Given the lack of high-quality trials for PRP in the treatment of hip OA, it is especially important for the systematic reviews that evaluate the available evidence to convey findings with as little spin as possible. We propose several strategies to reduce spin. We recommend adhering to PRISMA guidelines and preregistering study protocols with public registers like PROSPERO to ensure high quality study design.

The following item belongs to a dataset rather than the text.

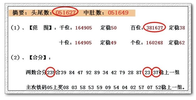 (3)、头尾数:【 052749 】 中肚数:【 051638 】

As our findings indicate that AMSTAR 2 rating can be associated with spin, we recommend that investigators assess the methodological quality of incorporated studies using critical appraisal tools. Furthermore, reporting wide confidence intervals in the abstract not only accurately conveys the strength of a study’s findings but can also prevent other types of spin by clarifying the quantitative basis of its claims. Improving the awareness of spin types via education can also help investigators reduce the incidence of spin. Further studies should continue to characterize spin in the literature of other fields, investigate ways in which it is influenced by various study characteristics, and propose methods to reduce its prevalence.
Limitations
This study was limited by multiple factors. Given that the use of PRP in hip OA is relatively understudied, only a small number of studies met our inclusion criteria, leaving our study underpowered for a regression and generally limiting the extent of the multivariate analysis. Multiple association tests were performed to test independence between study characteristics and spin types, which increases the risk of type I errors. Furthermore, the evaluation of spin and bias is to some extent subjective. We attempted to make the process as rigorous as possible via independent assessments by two different authors and the use of standardized training materials.
Conclusion
Spin is highly prevalent in abstracts of systematic reviews of PRP in the treatment of hip OA. Several associations were found between spin types and the study characteristics of AMSTAR 2 rating, Scopus CiteScore, Journal Impact Factor, and PROSPERO preregistration. When present, spin in the abstracts of reviewed studies tended to favor the use of PRP in hip OA.
Disclosures
The authors declare the following financial interests/personal relationships which may be considered as potential competing interests: F.A.P. has received consulting fees and/or hospitality payments from Stryker, Exactech, Micromed, Smith & Nephew, Zimmer Biomet, Flexion Therapeutics, DePuy Synthes. J.N.L. has received consulting fees and/or hospitality payments from Stryker Corp, Smith & Nephew, Merz North America Inc, and Neuracrine Biosciences and reports American Shoulder and Elbow Surgeons and Arthroscopy Association of North America (Board or committee member). Full ICMJE author disclosure forms are available for this article online, as supplementary material.